TRY IT | Beginning with the line where "For those not" appears, set down each line exactly until the records below end, and omit the pictures.

[Data records]
┌────────

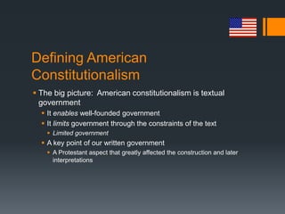 The document discusses the key aspects of American constitutionalism, including that it is based on written texts that enable government while also limiting it. It outlines several important founding documents and thinkers that influenced the American system. The document also examines the Declaration of Independence and how it expressed the colonists' grievances against King George III, as well as the rise of republicanism and weak central government under the Articles of Confederation.
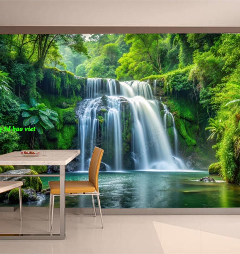 Tranh dán tường thác nước n2005-262 với hình ảnh dòng nước trong lành tươi mát tuôn trào mạnh mẽ mang đến sự ấm no, thịnh vượng...
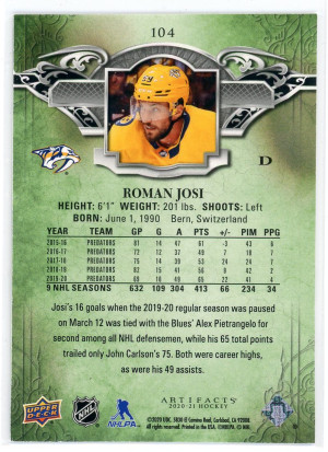 2020-21 Artifacts #104 Roman Josi /499
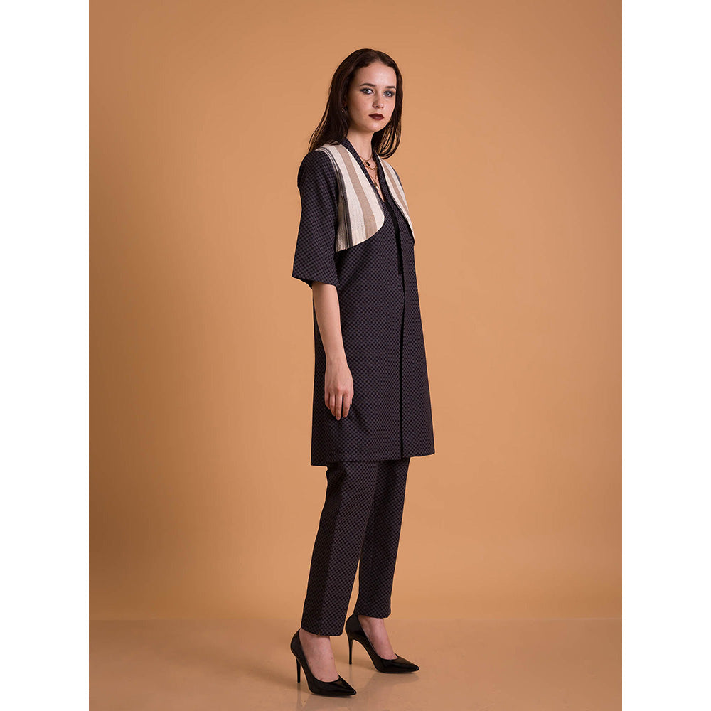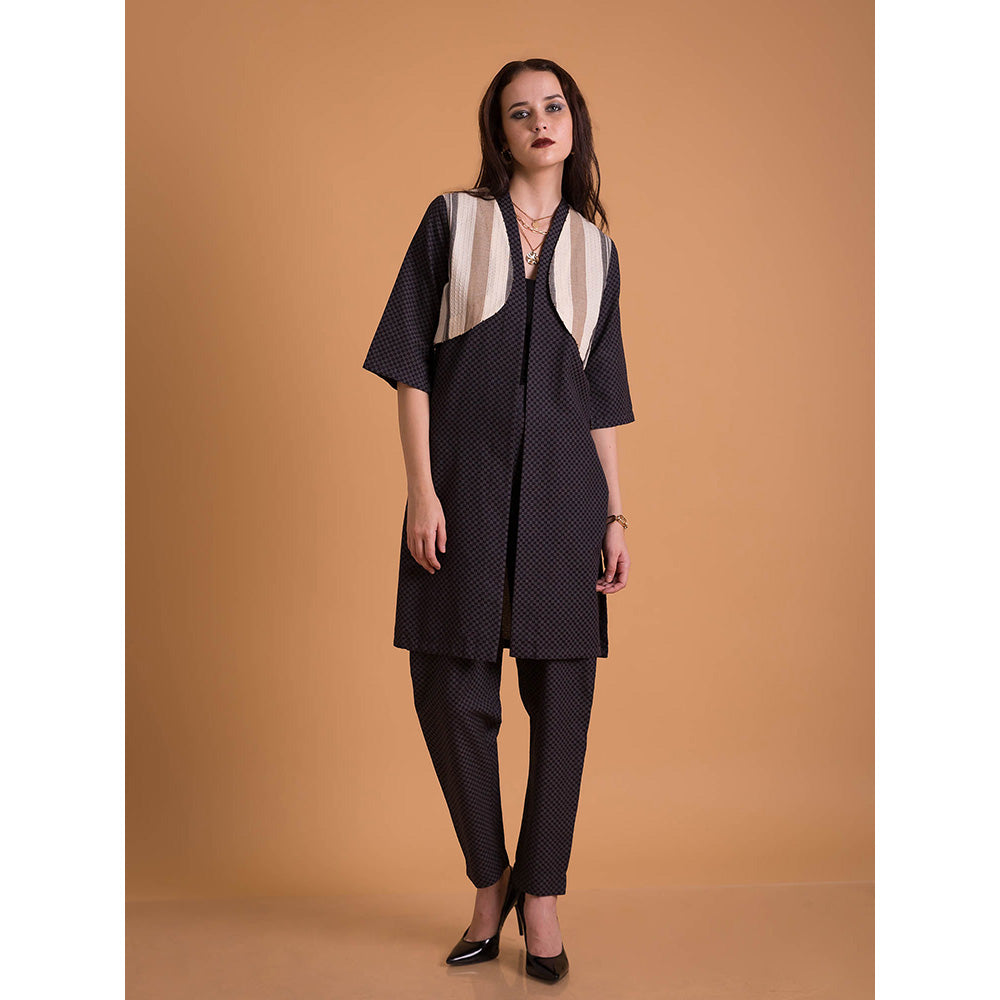 Jacqua Checks Half Sleeves Black Jacket with Pant (Set of 2)
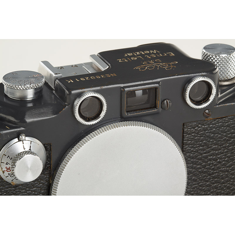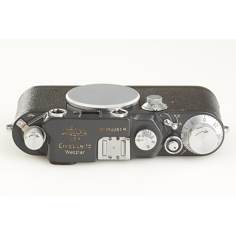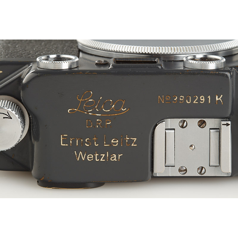 grey painted IIIc K military camera in excellent 100% original condition, grey leather covering, white 'K' on shutter curtain, cap, instruction book, delivered as LOOKX to BLN Berlin on May 5th, 1944 (delivery number 9933)
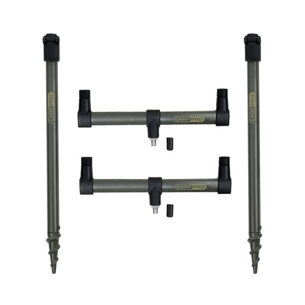 Набор буз-баров и банкстик Carp Pro Buzz & Sticks - компактный набор из двух стоек и двух буз-баров от компании Carp Pro для карповой ловли. Телескопические стойки от Carp Pro оснащены специальными заостренными наконечниками, при помощи которых легко ввинчиваются в грунт. Буз-бары от Carp Pro рассчитаны на два удилища. Имеют контргайки для фиксации электронных сигнализаторов поклевки и держателей комля. Buzz & Sticks Kit In Bag Carp Pro поставляется в удобной непромокаемой сумке на молнии. Содержимое закрепляется внутри сумки при помощи липучек. Сумка оснащена ручками для переноски.
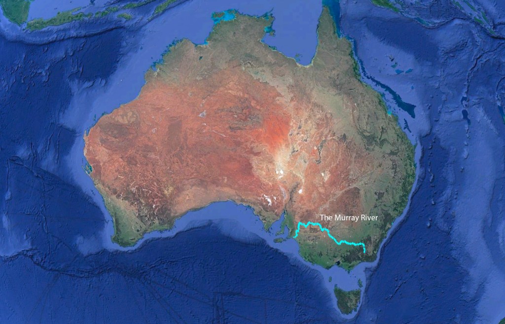 For those not familiar with the Murray River, it is the longest river in Australia (2,508km / 1,558mi) and flows from the Snowy Mountains, near Mt Kosciuszko (Australia’s tallest mountain), along the New South Wales/Victoria border, into South Australia, and then eventually flows into the Great Australian Bight at Goolwa (near Adelaide).
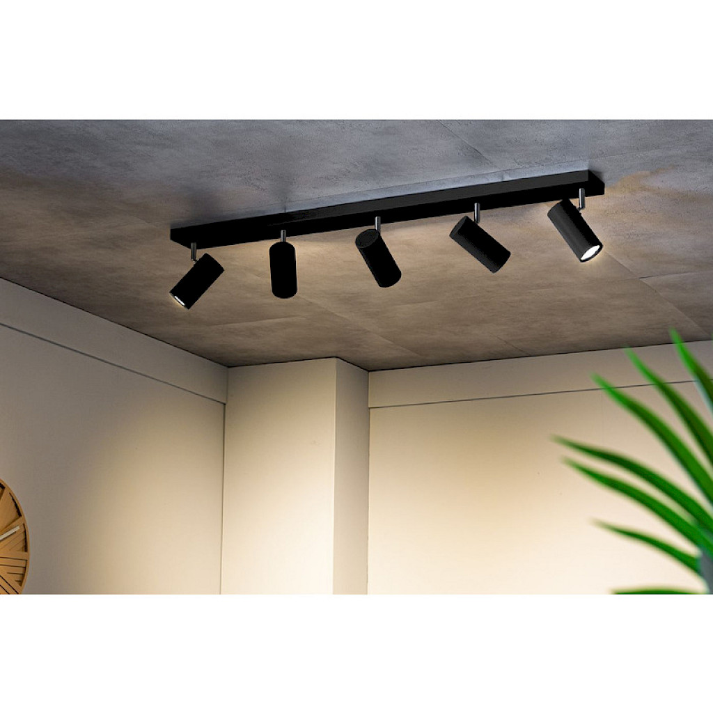 5 spots, uitgevoerd in zwart metaal. OP=OP
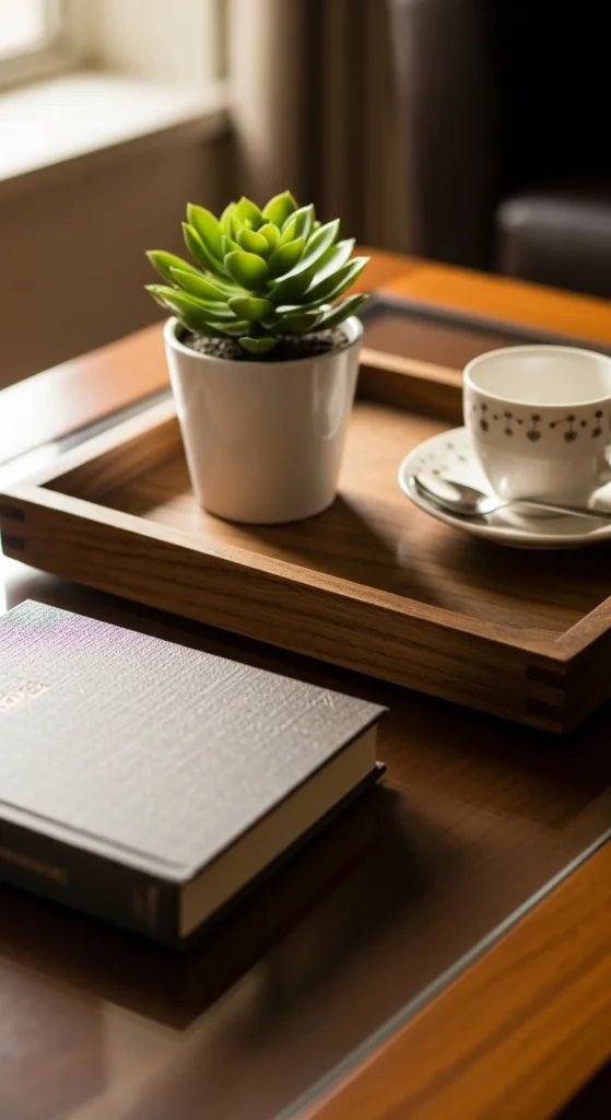 Professional coffee tables follow a rule of three. One tray, one book, one object. This keeps things tidy and balanced.
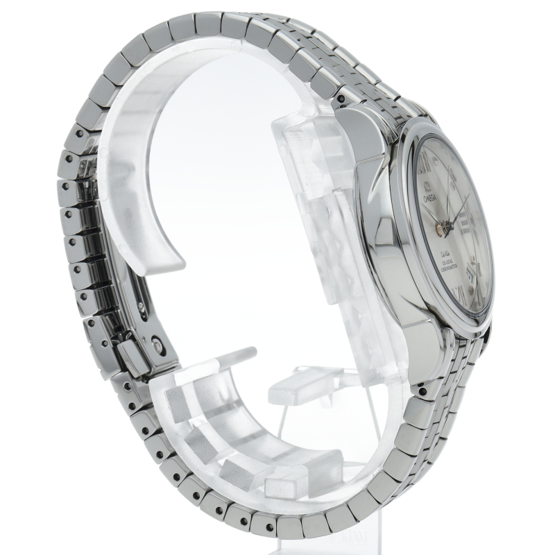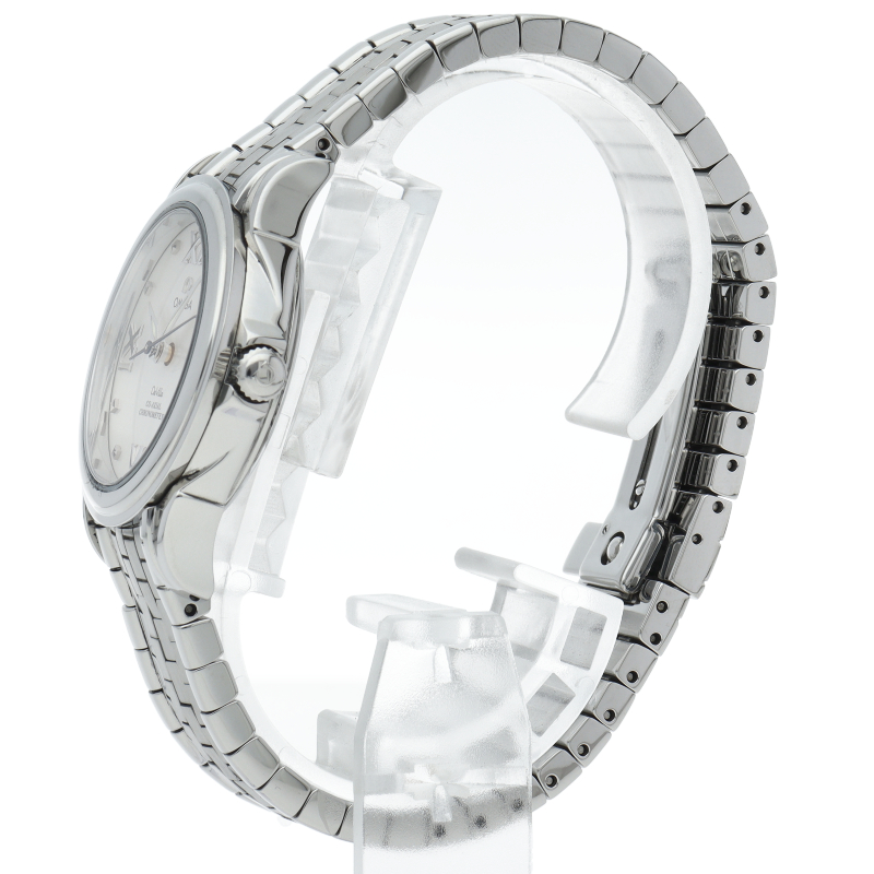 「デ・ヴィル プレステージ コーアクシャル」コレクションは、そのクラシカルでエレガントなデザインが、多くのオメガ愛好家を惹きつけています。ベゼルは、ステンレススティール製ブレスレットが付いた、直径32.5mmのステンレススティール製ケースに取り付けられています。
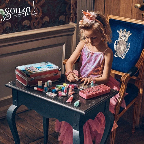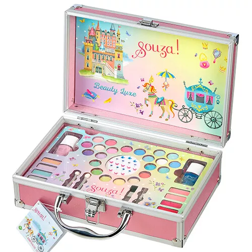 Een koffer vol make-up van het Nederlandse merk Souza for Kids voor de beauty guru in spé. Een beetje lipgloss hier, wat oogschaduw daar…
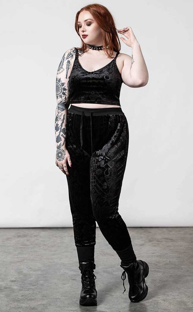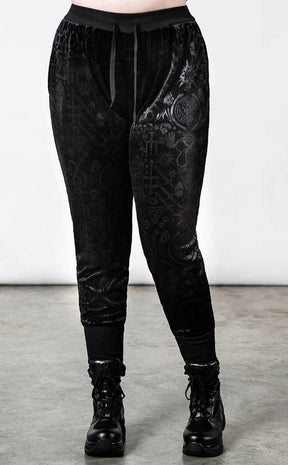 Slip into easy occult style with the Mind Melt Velvet Joggers! An elasticated waistband and cuffs sit snugly on yer bod while the deluxe embossed velvet flows around yer legs in a relaxed fit.

└────────

RESPONSE FOR THIS EXERCISE |
 For those not familiar with the Murray River, it is the longest river in Australia (2,508km / 1,558mi) and flows from the Snowy Mountains, near Mt Kosciuszko (Australia’s tallest mountain), along the New South Wales/Victoria border, into South Australia, and then eventually flows into the Great Australian Bight at Goolwa (near Adelaide).
 5 spots, uitgevoerd in zwart metaal. OP=OP
 Professional coffee tables follow a rule of three. One tray, one book, one object. This keeps things tidy and balanced.
 「デ・ヴィル プレステージ コーアクシャル」コレクションは、そのクラシカルでエレガントなデザインが、多くのオメガ愛好家を惹きつけています。ベゼルは、ステンレススティール製ブレスレットが付いた、直径32.5mmのステンレススティール製ケースに取り付けられています。
 Een koffer vol make-up van het Nederlandse merk Souza for Kids voor de beauty guru in spé. Een beetje lipgloss hier, wat oogschaduw daar…
 Slip into easy occult style with the Mind Melt Velvet Joggers! An elasticated waistband and cuffs sit snugly on yer bod while the deluxe embossed velvet flows around yer legs in a relaxed fit.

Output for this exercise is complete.